U.S. v. Carter, 35 CMR 467 (CMA, 1965) involved an interesting set of facts. The Third Army
heavyweight boxing champion was PFC Dorsey, known as "The Slammer." Before going to bed one
night, he put 5 in his locker. In the morning, it was missing. PFC Dorsey suspected the accused,
who occupied the next bunk in the barracks. PFC Dorsey searched the accused's person and
threatened to hit him unless the accused removed his shoes. The money was found hidden in one of
his shoes that the accused was wearing. The court held that the Fourth Amendment "has consistently
been applied only to action by...government authority." It does not apply to actions taken by private
persons. Accordingly, "a thief...is not protected by the Fourth Amendment against the owner." In this
case, then, PFC Dorsey was found to have acted "exclusively in his own private interests."
U.S. v. Thrower, 12 MJ 777 (ACMR, 1981), involved a similar situation. The accused shared a
room with SPC McCullough. SPC McCullough knew that his roommate had drugs in the room, and
was afraid that he would be blamed for their presence. He took the drugs out of his roommate's locker
and gave them to the commander. His seizure of the drugs was found to involve "acts in his private
capacity and not as a person acting in a governmental capacity." Remember, "private persons are not
subject to the Fourth Amendment," and evidence seized by them is admissible in court. U.S. v.
Morrison, 12 MJ 222 (CMA, 1982). Cases like these would have a different result, of course, if the
police or commander had directed the roommate to do the search.
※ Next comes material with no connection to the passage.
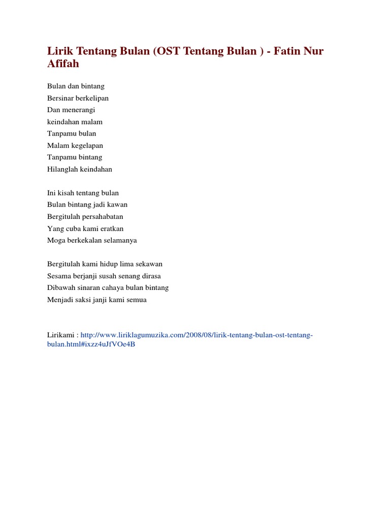 Di topi ni tao toba i. Bulan bintang jadi saksi Gubahan. Lirik Lagu Bulan Sabit - The Rain.

Were that the case, the roommate
would be acting in a governmental capacity, as a government agent, and it would no longer be a purely
private search. U.S. v. Aponte, 11 MJ 917 (ACMR, 1981).
3. Foreign Searches. When we speak of "governmental action" we mean action by officials of the
United States. This includes, of course, the U.S. Army, the federal government, and also a state or any
political subdivision of a state (city, county, etc.). In other words, the Fourth Amendment applies to
officials of the United States (MRE 311(c) 2). To be challenged as unlawful under the Fourth
Amendment, a search must have been "conducted, instigated, or participated in by agents of the U.S.
government. Officials of a foreign government are not bound by the Military Rules of Evidence, or by
the U.S. government. As a result, evidence seized by officials of a foreign government will be
admissible in our courts, unless it was obtained as a result of subjecting the accused to "gross and
brutal maltreatment." (MRE 311(c) 3.)
The problem frequently arises overseas, when the search is performed by officials of the foreign
government (Germany, Korea, Japan, etc.), and they then give the evidence to the U.S. authorities.
The mere presence of U.S. officials at the scene of a foreign search does not convert it into a search by
the United States. Consequently, it does not have to meet our constitutional standards, and the
evidence is admissible in our courts. U.S. v. Morrison, 12 MJ 27Z (CMA, 1982). The issue will be
whether or not the U.S. officials instigated the search, conducted it, or participated in it. U.S. v.
Coleman, 25 MJ 679 (ACMR 1987).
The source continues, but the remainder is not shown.